Every new node creates a fresh constraint cycle: existing capacity gets partially cannibalized as equipment and engineering attention shift to the newer process. Early-ramp wafers are expensive and low-yield, and the customers who need 2nm — next-generation Nvidia, Apple, Broadcom — are already standing in line competing for the same capacity simultaneously. The chokepoint doesn't disappear; it moves forward in time and you get a compound bottleneck that cannot be resolved by throwing money at the problem. When asked directly on today’s call how long the supply constraint would last, CC Wei's answer was very direct: ‘2027 is also very tight.’
This reality creates a more complicated reshoring story than Washington initially imagined. TSMC confirmed today that its advanced packaging capacity — the specialized stacking technology required for high-end AI architectures — is ‘very tight also.’ The semiconductor policy debate has focused almost exclusively on where wafers are fabricated, but packaging has become one of the most concentrated bottlenecks in the chain.
Currently, TSMC sends 100% of its high-end chips back to Taiwan to be packaged, including those manufactured at its advanced fab in Phoenix, Arizona. Even as more leading-edge fabrication moves to the U.S., the geopolitical dependency doesn't disappear; it simply migrates one step down the supply chain.
The U.S. CHIPS Act allocated roughly $1.4B for packaging against more than $30B for wafer fabrication, a ratio that reflects how the problem was understood at the time. Manufacturing sovereignty in AI is not just about the fabs, but about the packaging ecosystem wrapped around them.
TSMC spent $56 billion on capital expenditure this year alone — more than 50% of what it spent in the entire prior three years. On today’s call, CC Wei said capex in the next three years will be significantly higher than the $101 billion of the last three. Companies don't spend $56 billion in a single year on a trend they think is temporary.
The CHIPS Act, export controls, and the debate around Taiwan’s security are all, in different ways, arguments about access to the same manufacturing base. When a company becomes a physical bottleneck to an economic transformation, it stops looking like a normal supplier.

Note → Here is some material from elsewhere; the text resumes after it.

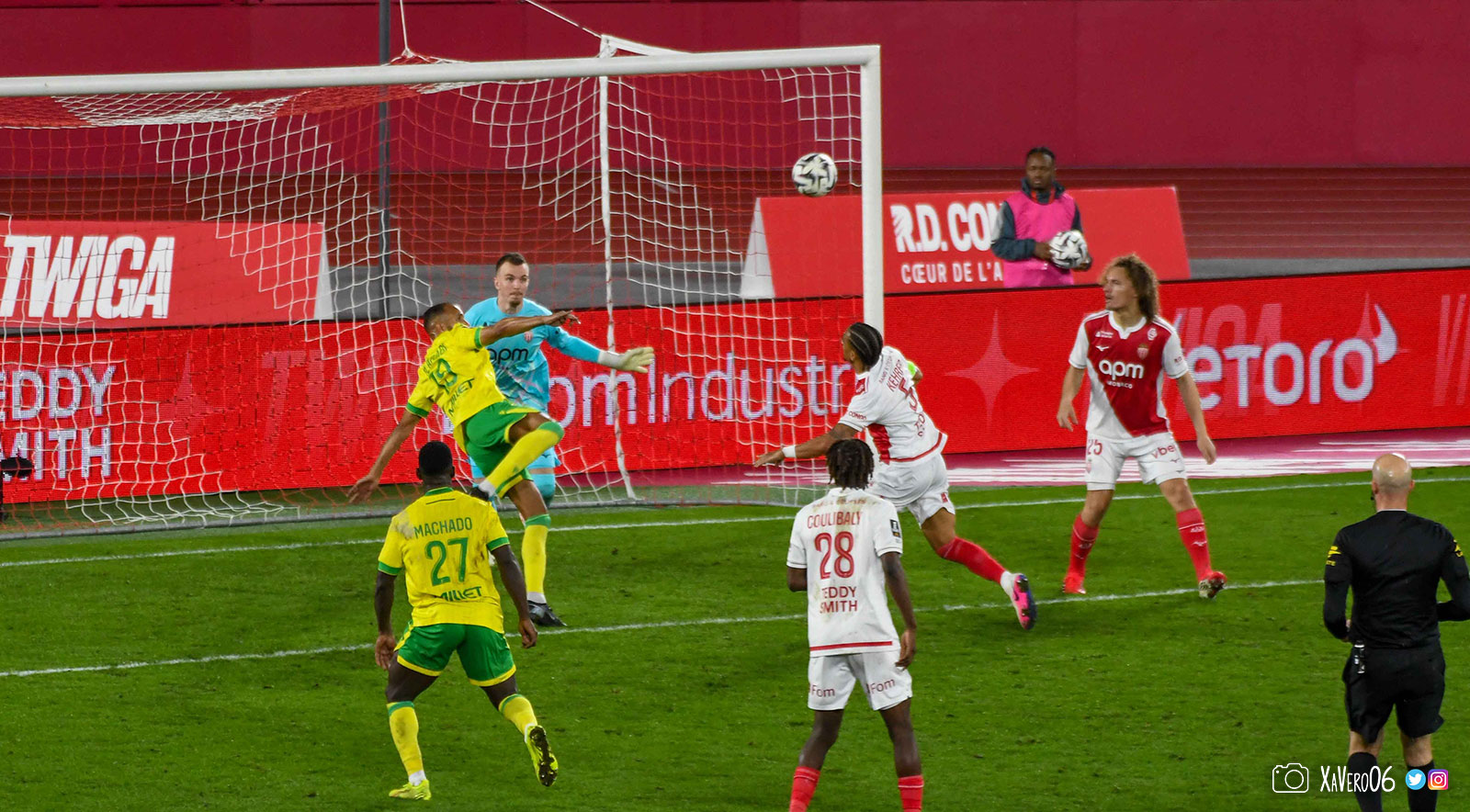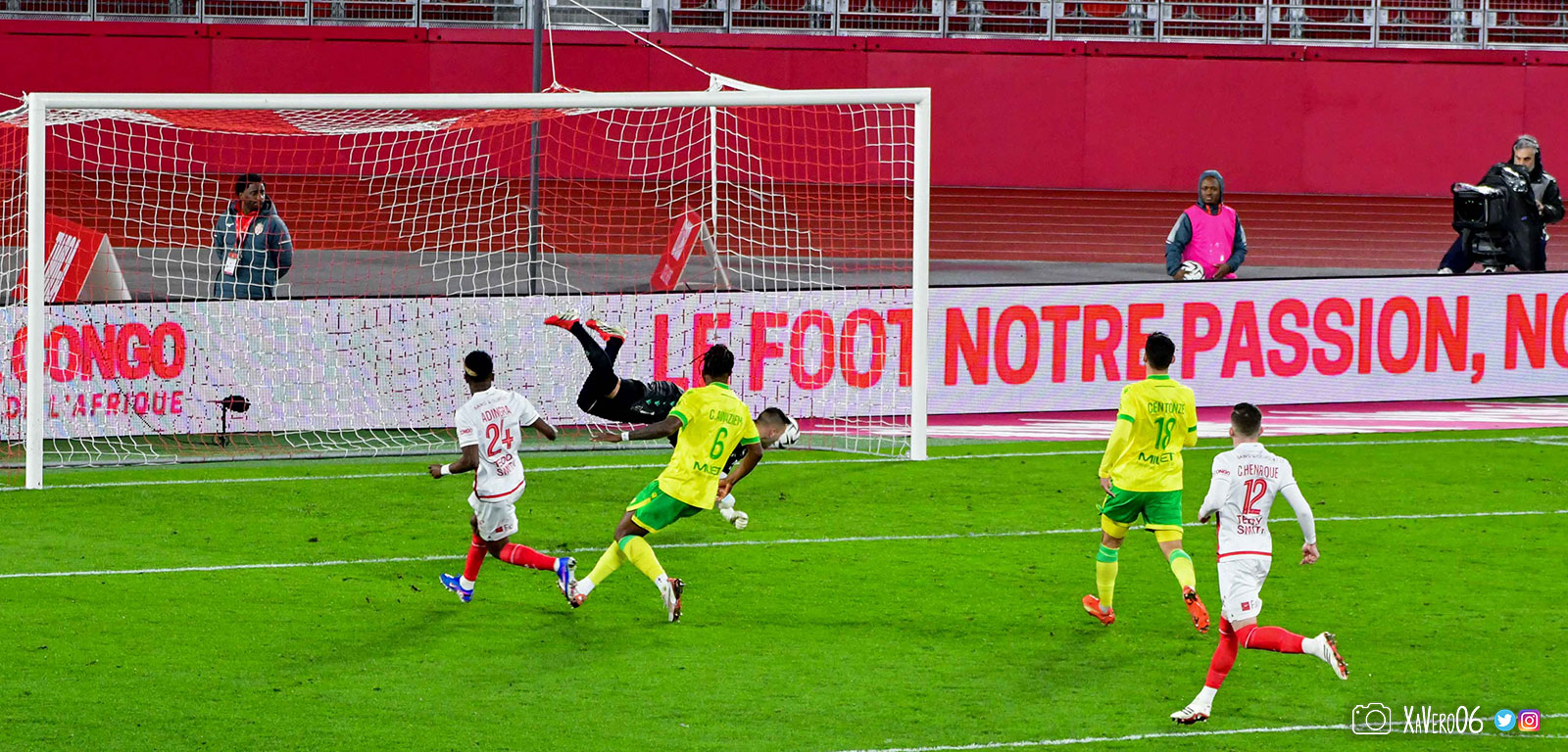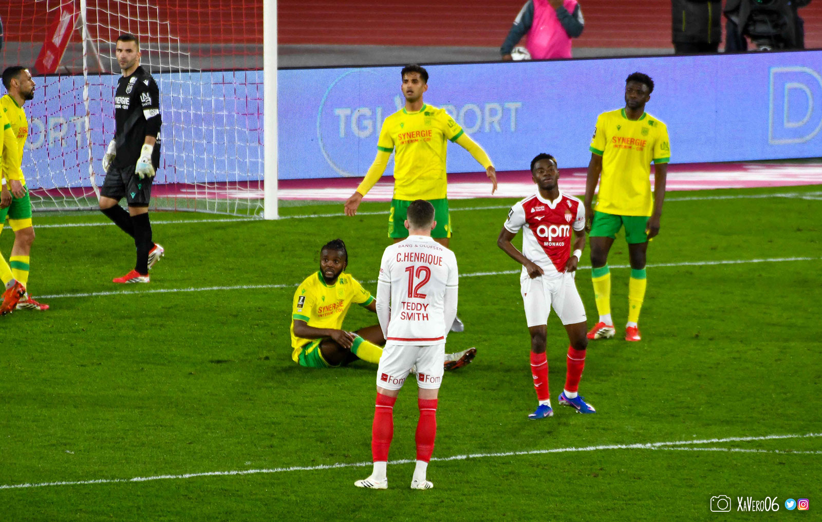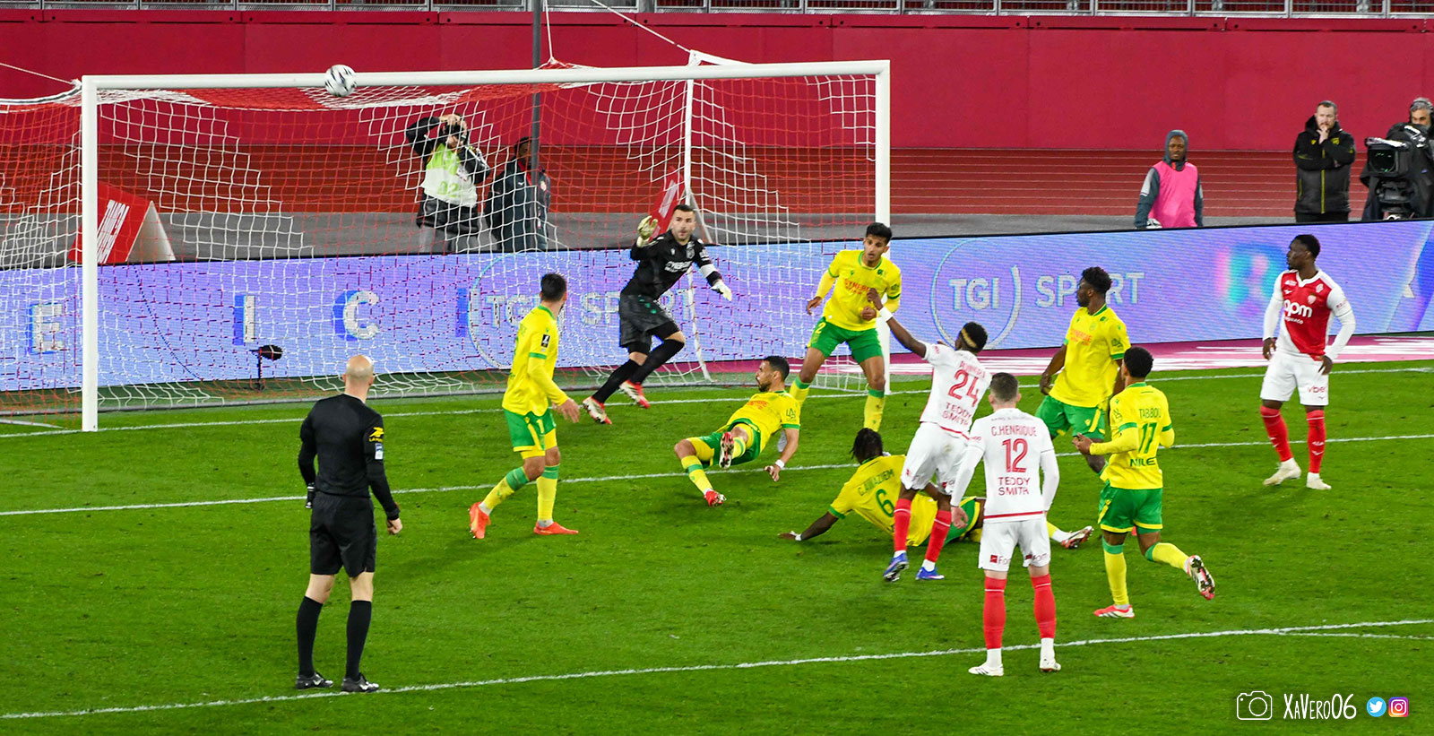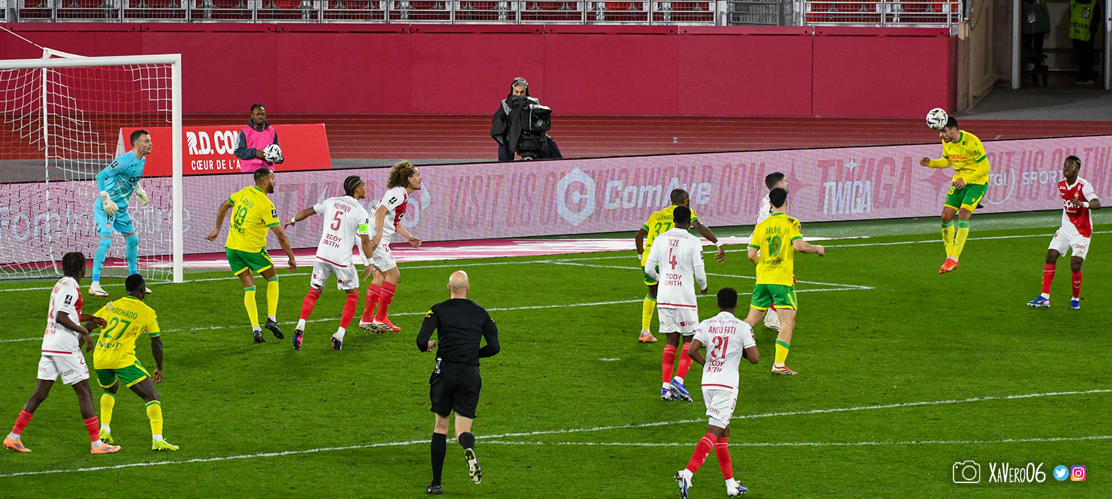 Les esprits monégasques s'échauffent. Déjà avertis deux fois alors que les nantais n'en ont toujours pas reçu, Camara reste au sol après une intervention rugueuse de Cozza sur sa cheville gauche (51e) et l'arbitre laisse jouer, jusqu'à une grosse faute de Vanderson qui s'en sort bien.

TSMC matters not because it tells us that AI demand is strong — that is already clear — but because it tells us where that demand is colliding with reality. The market has spent the last two years treating AI as a software story with unlimited upside. Today’s call is a reminder that it is still, stubbornly, an industrial one. Every time an analyst asked CC Wei whether competitors, customer defections or new entrants could erode TSMC's position, he gave the same two-word answer: 'No shortcuts.' He said it four times. He means it — and the AI economy will spend the next several years learning the same lesson.